Difficulty registering asylum claim – petition to Damian Green

The Leicester City of Sanctuary group is most concerned about the situation facing newly arrived asylum seekers as they try to claim asylum.  You can circulate this petition, and send it to your own MPs.

Leicester City of Sanctuary Petition to Damian Green MP, Immigration Minister

We the undersigned are becoming more and more concerned by the increasing difficulties would-be asylum seekers face in registering their claims. First the system of postal registration was scrapped and there was a requirement that all asylum seekers should register in person at either Liverpool or Croydon. Then the Liverpool office closed and everyone had to go to Croydon – this obviously penalised people who arrived in the north of the country. Now we find that it takes longer and longer to get an appointment at Croydon. Three months ago the waiting time was a week – now it is two. People are only seen between 8am and 1pm which is obviously very inconvenient if you have some distance to travel to get there. Phone numbers of the relevant officers are frequently changed increasing the difficulty of making appointments.

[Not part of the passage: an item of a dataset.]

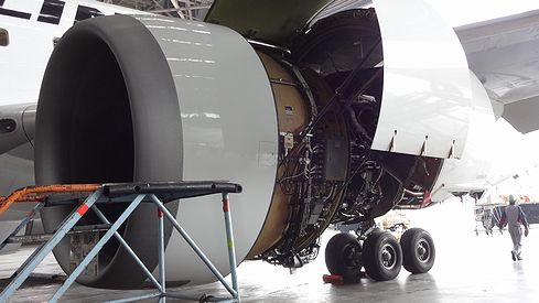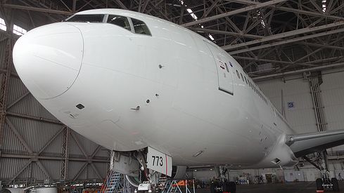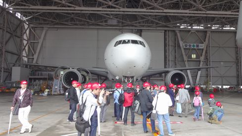 ▲さて、見学会後半は、実際に整備工場に入ってナマの機体を間近に見学することができます。巨大な格納庫の中に、3機入っていました。

As a result, vulnerable new arrivals often find themselves destitute for two weeks or more before they can make a claim. New asylum seekers are often confused and disorientated, struggling with a strange language in a strange land and at serious risk of exploitation by unscrupulous people or of ending up in the hands of the police – only the lucky few find their way to charities that will advise and support them.

It seems to us that, along with a culture of disbelief in the validity of most asylum claims, and the misplaced idea that reducing people to destitution will somehow persuade them to go home, there is now a deliberate policy of making it difficult for people to apply for asylum in the first place. This is a shameful state of affairs and tarnishes Britain’s reputation for fairness and justice. It also makes a nonsense of the requirement that people should apply for asylum within 24 hours of arriving in this country. We would urge you to reconsider the way you implement this policy.